Fair Pint clash with BBPA > Fair Pint clash with BBPA

Graham I did read your post but I did not have time to respond (I’m trying to run/save my pub) Yes I agree, it is all about the bottom line but through a combination of high rents and extortionate wholesale prices the bottom line of the whole pub sector has steadily been eroded. The difference is it’s the tied tenant bottom line that is being hit the hardest. If rents are not the issue because they are comparable on both tied and free of tie tenant’s balance sheet, then you must therefore conclude that it’s the supply tie that is the real issue. Because of the tie a tenant is paying in some cases more than double for his beer than his free of tie neighbor. The tie is a restrictive practice that breaches every form of competition law. Remove the tie and let all pubs compete in a fair and open market place.

Fair Pint clash with BBPA > Fair Pint clash with BBPA

Great post Liam, honest, factual and bang on the money.

Fair Pint clash with BBPA > Fair Pint clash with BBPA

Vic, It would be interesting to here from David Morgan and Graham Allman about rent levels in the tied and free of tie sector?? However, I think there will probably be a difference of opinion....
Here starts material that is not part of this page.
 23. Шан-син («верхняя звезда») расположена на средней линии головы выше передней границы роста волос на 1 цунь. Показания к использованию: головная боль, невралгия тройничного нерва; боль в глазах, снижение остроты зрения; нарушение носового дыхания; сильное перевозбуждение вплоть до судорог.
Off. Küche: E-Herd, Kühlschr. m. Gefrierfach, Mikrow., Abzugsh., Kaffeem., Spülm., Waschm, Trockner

Fair Pint clash with BBPA > Fair Pint clash with BBPA

Vic, a senior pubco director told me 3 years ago that her company was actively seeking around 15% of net turnover as rental figure. She made no reference to the profit assessment method of calculating rent nor did she suggest that there should be a comprehensive breakdown of how the rent is calculated. She just stated that her company was looking for 15%!! In my opinion and having seen many case studies across the whole country I would suggest that this 15% is not too far off the money. Previous to 2001 I worked in the FOT sector and rents generally were set at about 6-10% of net turnover. Here we are in 2008 and the whole market place, tied and free of tie, is distorted to the benefit of the pubcos.
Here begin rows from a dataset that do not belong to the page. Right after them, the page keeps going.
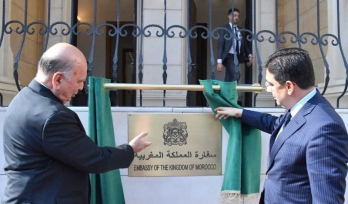 18 ans après, le ministre des Affaires étrangères du Maroc a rouvert samedi à Bagdad l’ambassade du royaume en Irak. Il s’agit d’un déplacement « historique » marquant le début d’une coopération accrue, estiment les chefs de la diplomatie des deux pays. L’ambassade du Maroc à Bagdad avait fermé ses portes en 2005 et la chancellerie avait été transférée en Jordanie en raison de « la dégradation des conditions sécuritaires » en Irak, selon le ministère des Affaires étrangères marocain.
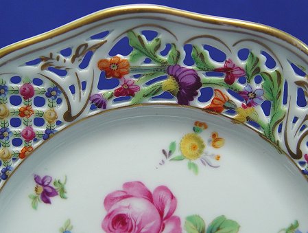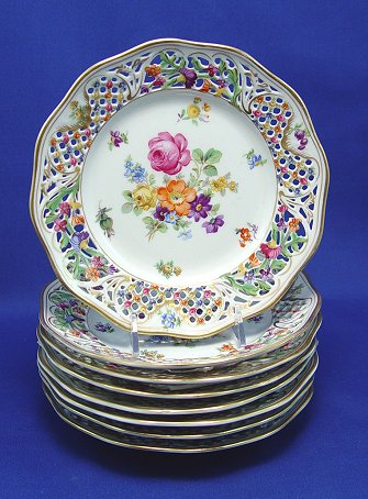 SET OF 8 SCHUMANN DRESDEN GERMAN PORCELAIN RETICULATED PLATES: Floral decorated, 7 1/4'' dia.
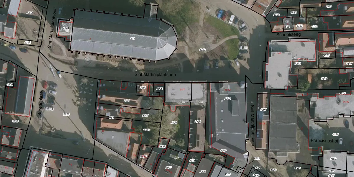 Sint Martiniplantsoen 25 is gelegen op kadastraal perceel FNK00A4096. Deze kadastrale aanduiding is uniek en wordt gebruikt door het Kadaster om eigendomsrechten en andere zakelijke rechten vast te leggen. Het perceel maakt onderdeel uit van de kadastrale gemeente Franeker.
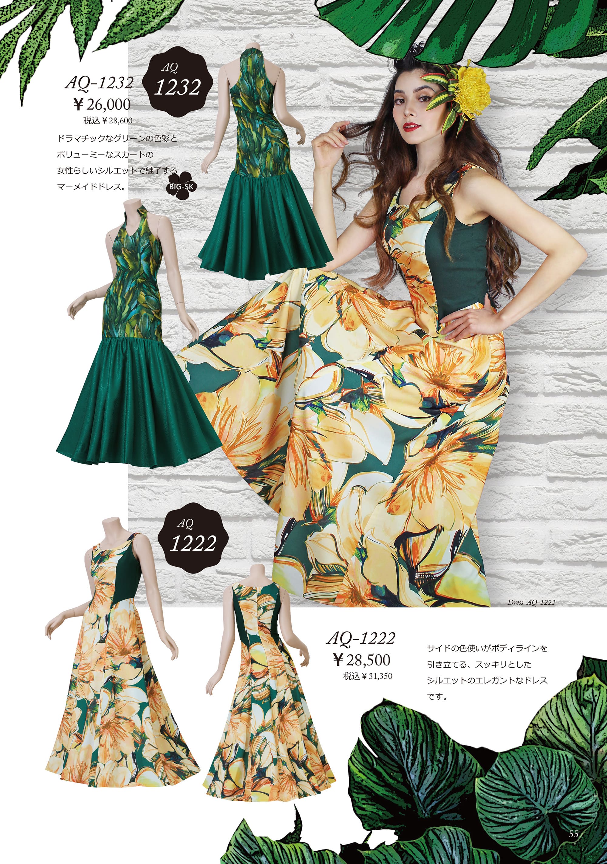 ビビットなイエロ-と伝統柄が映えるマ-メイドフレア-ドレス
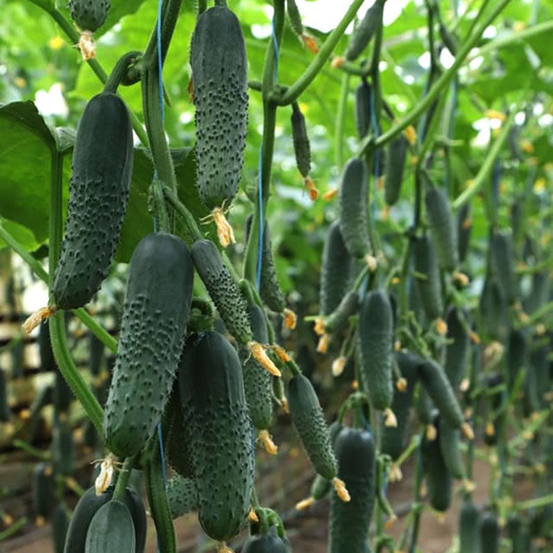 Характеристика плодів – Плоди однорідні, крупнобугорчасті, темно-зеленого кольору, в одній пазусі формується 3-5 плодів довжиною 12-14 см. Якість і форма плоду не змінюються від початку і до кінця плодоношення. Генетично відсутня гіркота плодів.

Fair Pint clash with BBPA > Fair Pint clash with BBPA

Vic, you’re absolutely on the money, EU Competition Law states that for a organization to demand an exclusive purchasing agreement, such as the tie, there must be countervailing benefits. What exactly are these countervailing benefits? Rents? Rents in the tied sector are on par with the free of tie sector. Training? Why then does the BII course cost £500 for free-of-tie tenants, and £1000 for Enterprise?/ Punch? Tenants? Your right Vic, something is amiss here!!!
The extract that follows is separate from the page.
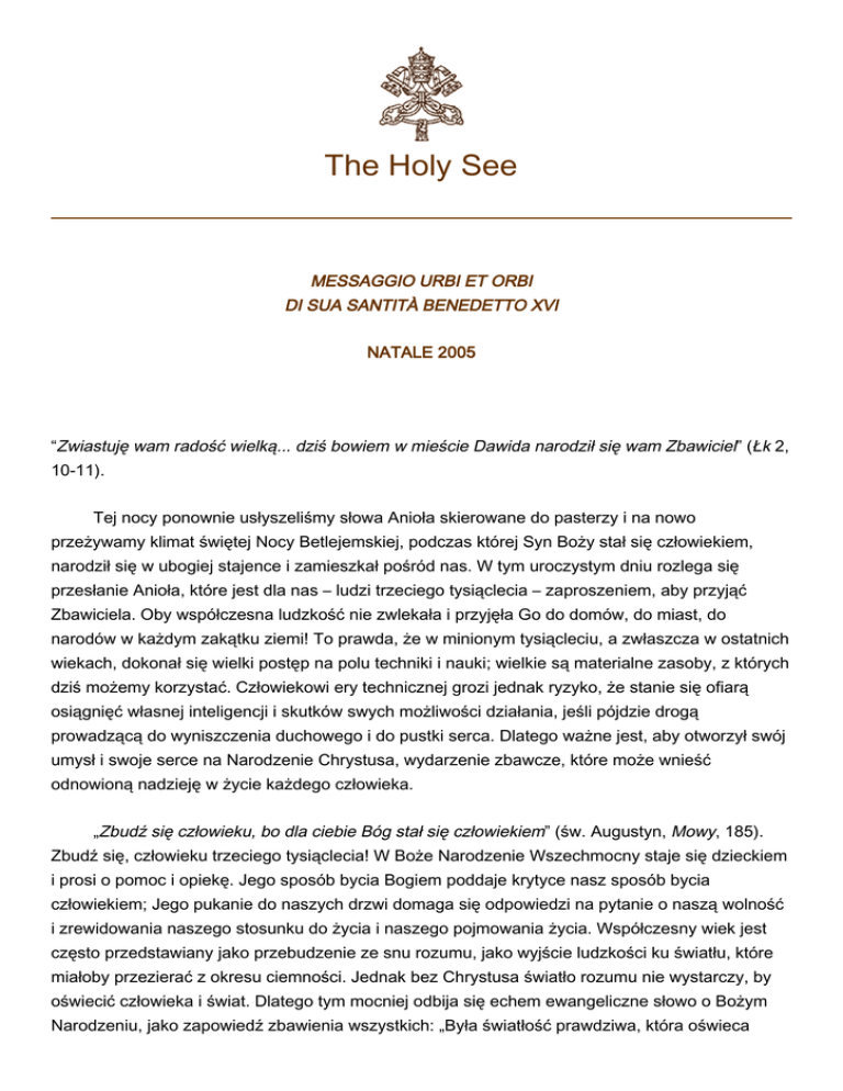 The Holy See MESSAGGIO URBI ET ORBI DI SUA SANTITÀ BENEDETTO XVI NATALE 2005 “Zwiastuję wam radość wielką... dziś bowiem w mieście Dawida narodził się wam Zbawiciel” (Łk 2, 10-11). Tej nocy ponownie usłyszeliśmy słowa Anioła skierowane do pasterzy i na nowo przeżywamy klimat świętej Nocy Betlejemskiej, podczas której Syn Boży stał się człowiekiem, narodził się w ubogiej stajence i zamieszkał pośród nas. W tym uroczystym dniu rozlega się przesłanie Anioła, które jest dla nas – ludzi trzeciego tysiąclecia – zaproszeniem, aby przyjąć Zbawiciela. Oby współczesna ludzkość nie zwlekała i przyjęła Go do domów, do miast, do narodów w każdym zakątku ziemi! To prawda, że w minionym tysiącleciu, a zwłaszcza w ostatnich wiekach, dokonał się wielki postęp na polu techniki i nauki; wielkie są materialne zasoby, z których dziś możemy korzystać. Człowiekowi ery technicznej grozi jednak ryzyko, że stanie się ofiarą osiągnięć własnej inteligencji i skutków swych możliwości działania, jeśli pójdzie drogą prowadzącą do wyniszczenia duchowego i do pustki serca. Dlatego ważne jest, aby otworzył swój umysł i swoje serce na Narodzenie Chrystusa, wydarzenie zbawcze, które może wnieść odnowioną nadzieję w życie każdego człowieka. „Zbudź się człowieku, bo dla ciebie Bóg stał się człowiekiem” (św. Augustyn, Mowy, 185). Zbudź się, człowieku trzeciego tysiąclecia! W Boże Narodzenie Wszechmocny staje się dzieckiem i prosi o pomoc i opiekę. Jego sposób bycia Bogiem poddaje krytyce nasz sposób bycia człowiekiem; Jego pukanie do naszych drzwi domaga się odpowiedzi na pytanie o naszą wolność i zrewidowania naszego stosunku do życia i naszego pojmowania życia. Współczesny wiek jest często przedstawiany jako przebudzenie ze snu rozumu, jako wyjście ludzkości ku światłu, które miałoby przezierać z okresu ciemności. Jednak bez Chrystusa światło rozumu nie wystarczy, by oświecić człowieka i świat. Dlatego tym mocniej odbija się echem ewangeliczne słowo o Bożym Narodzeniu, jako zapowiedź zbawienia wszystkich: „Była światłość prawdziwa, która oświeca 2 każdego człowieka, gdy na świat przychodzi” (J 1, 9). „W istocie misterium człowieka wyjaśnia się prawdziwie jedynie w misterium Słowa Wcielonego” (Gaudium et spes, 22). Kościół niestrudzenie powtarza to przesłanie nadziei przypomniane przez Sobór Watykański II, który się zakończył dokładnie czterdzieści lat temu. Współczesny człowieku, dojrzały, ale często ograniczony myśleniu i o słabej woli, pozwól wziąć się za rękę Dziecięciu z Betlejem; nie bój się, zaufaj Mu! Ożywcza moc Jego światła zachęca cię do wysiłku na rzecz tworzenia nowego porządku światowego, opartego na sprawiedliwych relacjach etycznych i ekonomicznych. Niech Jego miłość prowadzi narody i budzi we wszystkich świadomość, że jesteśmy „rodziną” wezwaną do budowania więzi pełnych zaufania i wzajemnego wsparcia. Ludzkość zjednoczona zdoła stawić czoło wielu niepokojącym problemom współczesnego świata: od zagrożenia terroryzmem do stanu upokarzającego ubóstwa, w jakim żyją miliony ludzi, od rozprzestrzeniania broni do epidemii i wyniszczenia środowiska naturalnego, które zagraża przyszłości planety. Bóg, który stał się człowiekiem z miłości do człowieka, niech wspiera tych, którzy w Afryce działają na rzecz pokoju i integralnego rozwoju, przeciwstawiając się bratobójczym wojnom, aby utrwaliły się słabe jeszcze przemiany polityczne i były zachowane najbardziej podstawowe prawa ludzi znajdujących się w tragicznej sytuacji humanitarnej, jak w Darfurze i innych regionach Afryki Środkowej. Niech poprowadzi ludy Ameryki Łacińskiej do życia w pokoju i zgodzie. Niech wleje odwagę w serca ludzi dobrej woli, którzy pracują w Ziemi Świętej, w Iraku, w Libanie, gdzie znaki nadziei, których nie brak, muszą być jeszcze potwierdzone przez postępowanie inspirowane uczciwością i mądrością; niech wpiera procesy dialogu na Półwyspie Koreańskim i w innych krajach azjatyckich, aby gdy zostaną pokonane niebezpieczne rozbieżności, można było w duchu przyjaźni dojść do spójnych, pokojowych rozwiązań tak oczekiwanych przez tamtejsze ludy. W Boże Narodzenie nasz duch otwiera się na nadzieję, gdy kontempluje chwałę Bożą ukrytą w ubóstwie Dzieciątka owiniętego w pieluszki i leżącego w żłobie: to Stworzyciel świata, umniejszony do bezsilności nowo narodzonego! Przyjęcie tego paradoksu – paradoksu Bożego Narodzenia – to odkrycie Prawdy, która czyni nas wolnymi, Miłości, która przemienia istnienie. W Noc Betlejemską Zbawiciel stał się jednym z nas, aby stać się towarzyszem na zdradliwych drogach historii. Podejmijmy dłoń, którą do nas wyciąga: jest to dłoń, która niczego nie chce nam odebrać, a jedynie dawać. Z pasterzami wchodzimy do betlejemskiej stajni, gdzie spogląda na nas Maryja, milczący świadek cudownych narodzin. Niech Ona pomoże nam przeżywać dobrze święta Bożego Narodzenia; niech nas nauczy jak zachować w sercu tajemnicę Boga, który dla nas stał się człowiekiem; niech nas prowadzi, abyśmy dawali światu świadectwo Jego prawdy, miłości i pokoju. 3 © Copyright 2005 - Libreria Editrice Vaticana © Copyright - Libreria Editrice Vaticana

RE: Fair Pint clash with BBPA > RE: Fair Pint clash with BBPA

Lisa it’s a simple equation; a large brewer offered Mark Dodd’s £170 a barrel discount based on a fictitious free of tie pub turning over 250 barrels a year. This discount was offered without any negotiation. This imaginary pub would be £42,500 a year better off than if it was a tied pub that wasn’t getting discounts (170 x 250 = £42,500) It is without dispute that a tied tenant is financially worse off than a free of tie tenant and this contravenes EU Competition law, the Court of Appeal & the Trade & Industry Select Committee recommendations of 2004. Whilst there are a whole series of factors affecting the industry at the moment, these are just exacerbating the key problem for the majority of pubs – the beer tie. Without the tie and that extra £42,500 profit you may probably be able to ride out this perfect storm?